• _Your task_:
Nothing but the records, repeated word for word and free of pictures, belongs in the answer.

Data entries
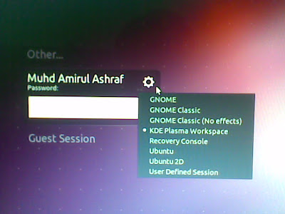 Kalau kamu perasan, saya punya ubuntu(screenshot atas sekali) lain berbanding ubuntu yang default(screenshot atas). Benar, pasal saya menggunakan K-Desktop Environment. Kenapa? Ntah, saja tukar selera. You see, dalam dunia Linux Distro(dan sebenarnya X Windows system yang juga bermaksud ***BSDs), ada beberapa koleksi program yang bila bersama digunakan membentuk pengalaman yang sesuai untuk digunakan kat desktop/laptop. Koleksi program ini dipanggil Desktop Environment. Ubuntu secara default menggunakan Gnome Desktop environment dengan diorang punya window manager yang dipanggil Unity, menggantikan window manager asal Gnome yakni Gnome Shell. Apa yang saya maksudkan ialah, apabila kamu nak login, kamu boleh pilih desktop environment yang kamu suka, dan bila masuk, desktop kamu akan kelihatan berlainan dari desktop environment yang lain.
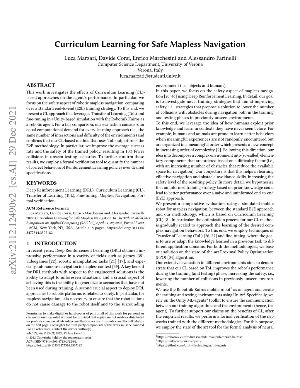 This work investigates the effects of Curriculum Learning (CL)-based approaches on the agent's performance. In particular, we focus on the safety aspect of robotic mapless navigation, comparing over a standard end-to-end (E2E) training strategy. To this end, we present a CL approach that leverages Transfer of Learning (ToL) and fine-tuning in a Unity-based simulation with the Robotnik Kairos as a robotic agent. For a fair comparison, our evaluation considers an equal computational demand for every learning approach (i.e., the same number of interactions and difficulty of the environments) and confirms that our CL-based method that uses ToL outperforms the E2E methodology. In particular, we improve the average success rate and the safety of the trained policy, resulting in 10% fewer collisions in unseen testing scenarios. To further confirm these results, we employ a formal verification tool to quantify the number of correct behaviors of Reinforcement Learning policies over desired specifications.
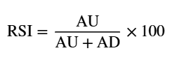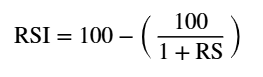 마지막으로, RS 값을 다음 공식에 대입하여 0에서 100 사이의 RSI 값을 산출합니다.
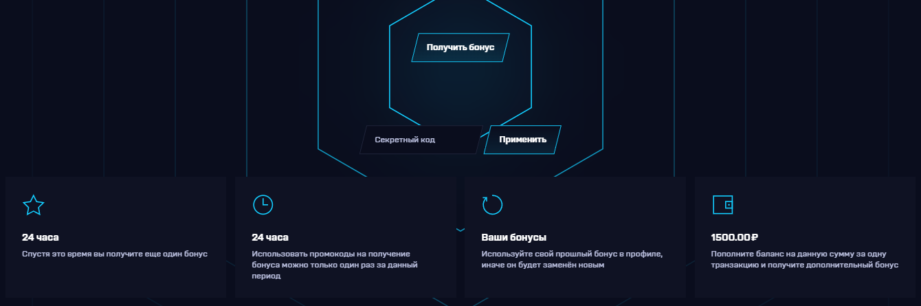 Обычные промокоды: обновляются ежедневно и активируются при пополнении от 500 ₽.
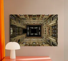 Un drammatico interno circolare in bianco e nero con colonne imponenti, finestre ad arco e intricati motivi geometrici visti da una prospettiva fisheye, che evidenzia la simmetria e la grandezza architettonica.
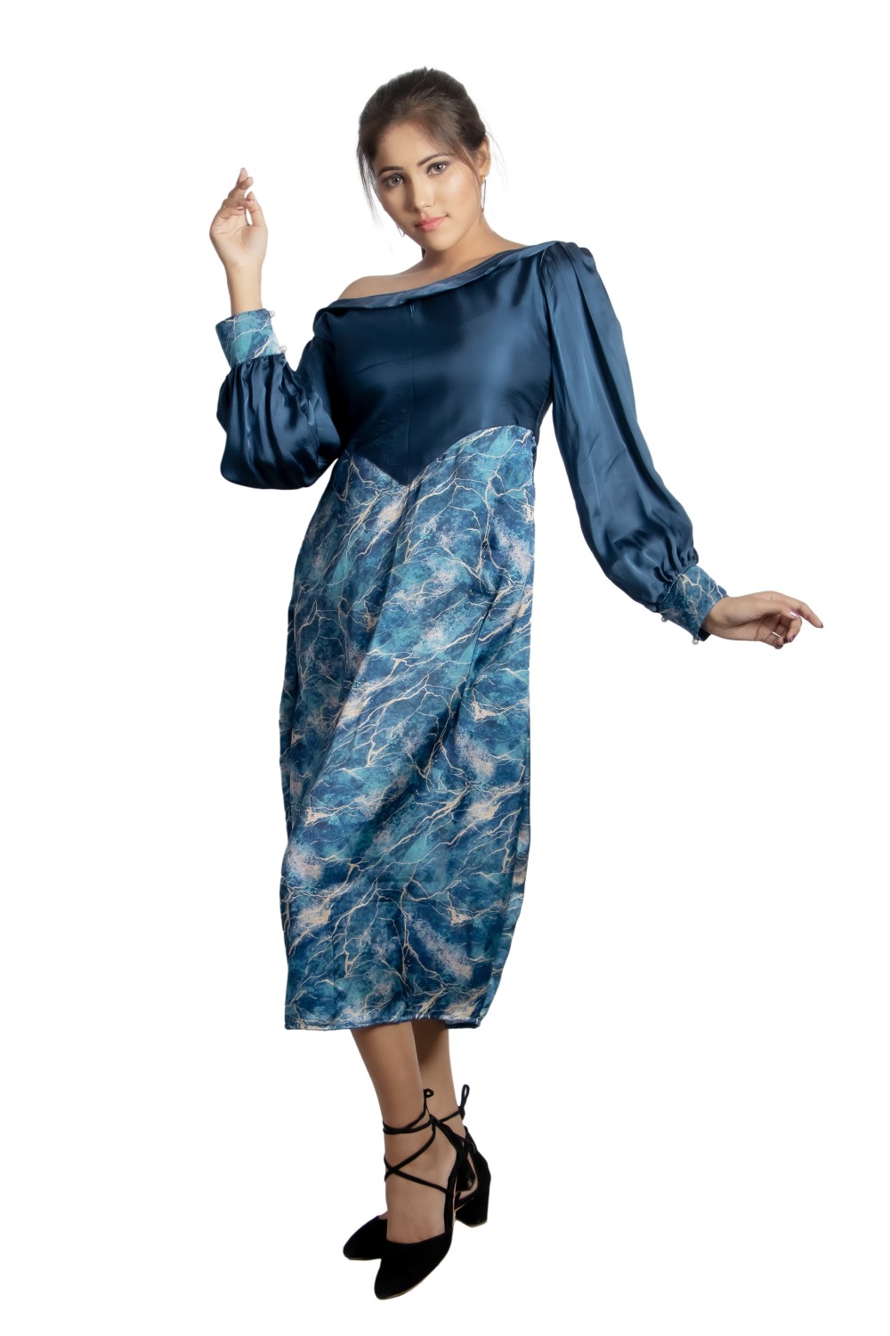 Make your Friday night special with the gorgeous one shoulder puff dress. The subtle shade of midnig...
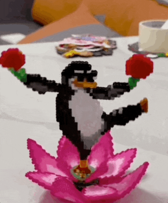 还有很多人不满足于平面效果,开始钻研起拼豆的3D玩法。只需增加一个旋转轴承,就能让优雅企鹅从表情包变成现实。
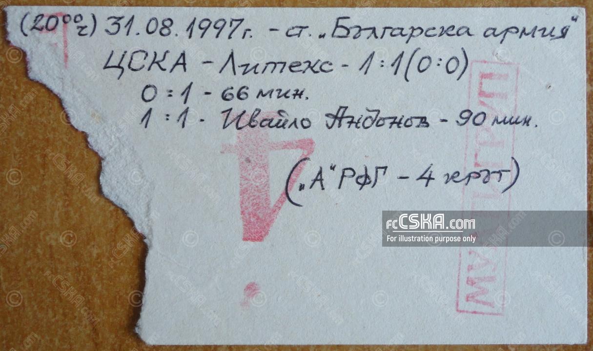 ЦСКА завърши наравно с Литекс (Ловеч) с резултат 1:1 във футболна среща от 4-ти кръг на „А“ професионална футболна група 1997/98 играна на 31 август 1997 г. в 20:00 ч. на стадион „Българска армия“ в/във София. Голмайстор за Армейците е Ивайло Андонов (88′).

• _Solution to the problem_:
 Kalau kamu perasan, saya punya ubuntu(screenshot atas sekali) lain berbanding ubuntu yang default(screenshot atas). Benar, pasal saya menggunakan K-Desktop Environment. Kenapa? Ntah, saja tukar selera. You see, dalam dunia Linux Distro(dan sebenarnya X Windows system yang juga bermaksud ***BSDs), ada beberapa koleksi program yang bila bersama digunakan membentuk pengalaman yang sesuai untuk digunakan kat desktop/laptop. Koleksi program ini dipanggil Desktop Environment. Ubuntu secara default menggunakan Gnome Desktop environment dengan diorang punya window manager yang dipanggil Unity, menggantikan window manager asal Gnome yakni Gnome Shell. Apa yang saya maksudkan ialah, apabila kamu nak login, kamu boleh pilih desktop environment yang kamu suka, dan bila masuk, desktop kamu akan kelihatan berlainan dari desktop environment yang lain.
 This work investigates the effects of Curriculum Learning (CL)-based approaches on the agent's performance. In particular, we focus on the safety aspect of robotic mapless navigation, comparing over a standard end-to-end (E2E) training strategy. To this end, we present a CL approach that leverages Transfer of Learning (ToL) and fine-tuning in a Unity-based simulation with the Robotnik Kairos as a robotic agent. For a fair comparison, our evaluation considers an equal computational demand for every learning approach (i.e., the same number of interactions and difficulty of the environments) and confirms that our CL-based method that uses ToL outperforms the E2E methodology. In particular, we improve the average success rate and the safety of the trained policy, resulting in 10% fewer collisions in unseen testing scenarios. To further confirm these results, we employ a formal verification tool to quantify the number of correct behaviors of Reinforcement Learning policies over desired specifications.
 마지막으로, RS 값을 다음 공식에 대입하여 0에서 100 사이의 RSI 값을 산출합니다.
 Обычные промокоды: обновляются ежедневно и активируются при пополнении от 500 ₽.
 Un drammatico interno circolare in bianco e nero con colonne imponenti, finestre ad arco e intricati motivi geometrici visti da una prospettiva fisheye, che evidenzia la simmetria e la grandezza architettonica.
 Make your Friday night special with the gorgeous one shoulder puff dress. The subtle shade of midnig...
 还有很多人不满足于平面效果,开始钻研起拼豆的3D玩法。只需增加一个旋转轴承,就能让优雅企鹅从表情包变成现实。
 ЦСКА завърши наравно с Литекс (Ловеч) с резултат 1:1 във футболна среща от 4-ти кръг на „А“ професионална футболна група 1997/98 играна на 31 август 1997 г. в 20:00 ч. на стадион „Българска армия“ в/във София. Голмайстор за Армейците е Ивайло Андонов (88′).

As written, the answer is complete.